The task
What is needed is an exact reproduction of the lines in the records below, starting at the line with "J'avais fait un" and ending at the line with "Решетка выполнена из", both included, and nothing else; pictures stay out.

── Listed entries ──

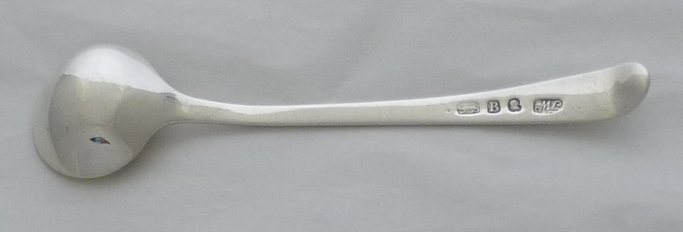 Georgian silver Old English pattern salt spoon with a gilded bowl. |
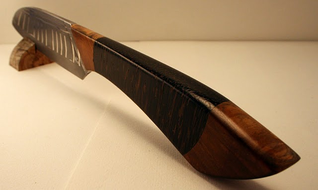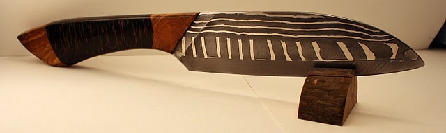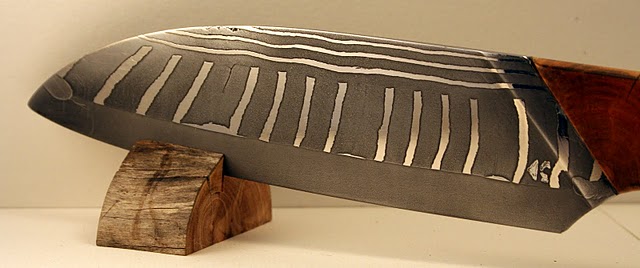 J'avais fait un test de soudure pour un damas feuilleté et mosaïque afin de m'entrainer et m'améliorer. Les soudures se sont bien passées mais le dessin du damas ne me plaisait pas parce que trop grossier. Donc elle trainait là sur une étagère en attente d'inspiration.
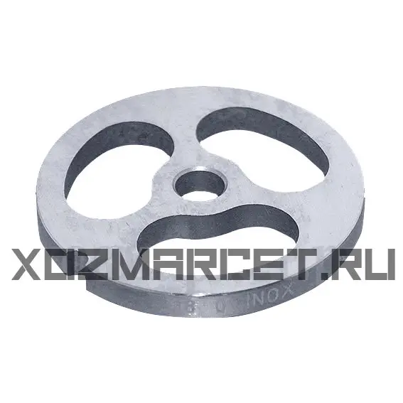 Решетка выполнена из нержавейки. Диаметр рабочих отверстий 14мм, используется для приготовления домашней колбасы, мант и других блюд
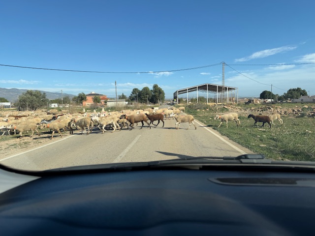 2. Februar, Montag. Vormittags frischte der Wind leider wieder auf und wir haben uns entschlossen, eine kleine Rundfahrt zu unternehmen. Zunächst ging es Richtung La Pinilla und in einem großen Bogen über Lobosillo nach Cartagena zurück. Lediglich gebremst von einer großen Schafherde, die vor uns, sehr diszipliniert die Straße überquerte
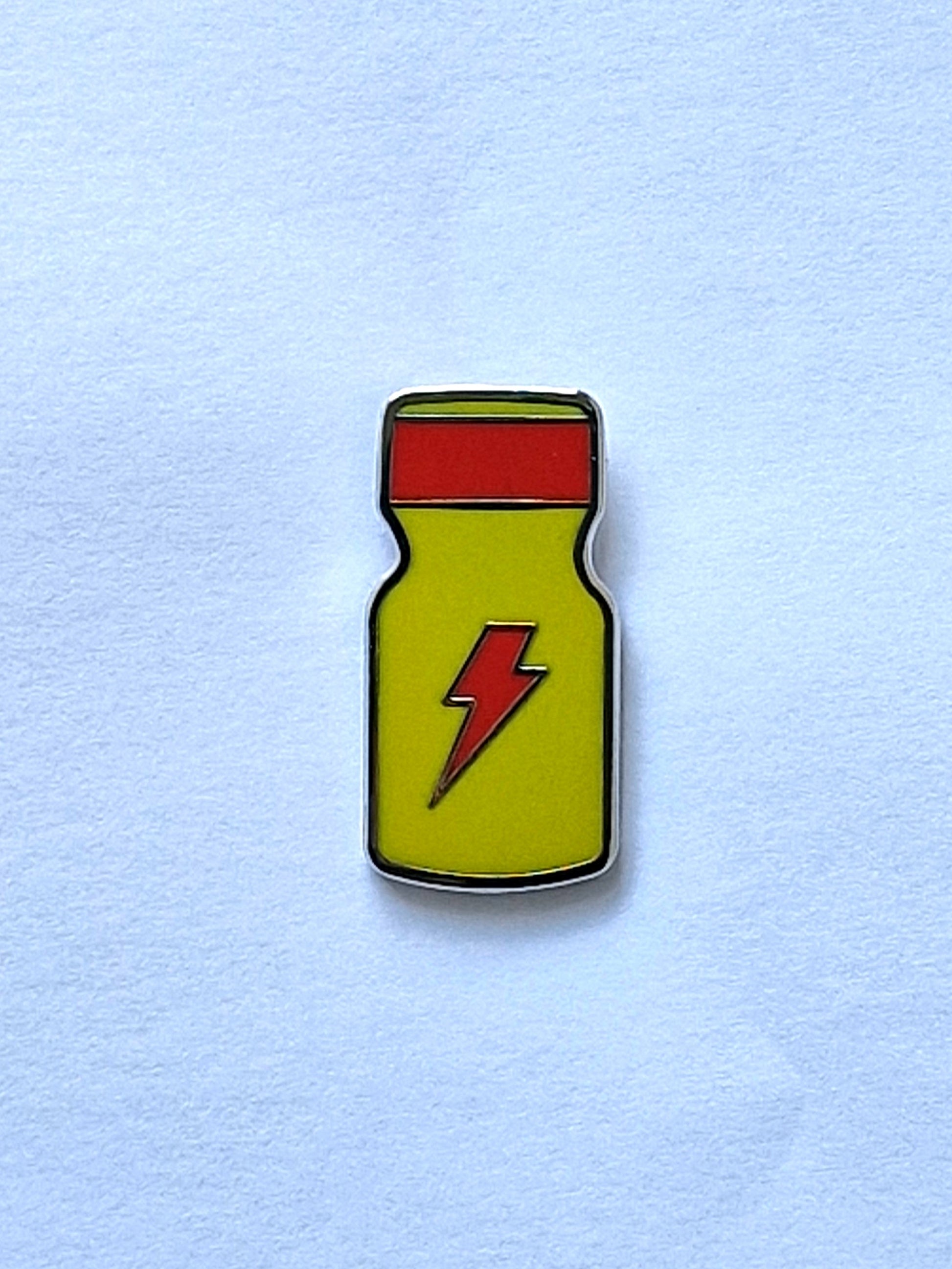 Stilvolle Pins in Form einer Poppers-Flasche. Wenn Sie gesehen werden möchten, ist dies die perfekte Brosche oder Anstecknadel. Eine lustige, lustige und einzigartige Anstecknadel von Dickfashion

───

Response below
 J'avais fait un test de soudure pour un damas feuilleté et mosaïque afin de m'entrainer et m'améliorer. Les soudures se sont bien passées mais le dessin du damas ne me plaisait pas parce que trop grossier. Donc elle trainait là sur une étagère en attente d'inspiration.
 Решетка выполнена из нержавейки. Диаметр рабочих отверстий 14мм, используется для приготовления домашней колбасы, мант и других блюд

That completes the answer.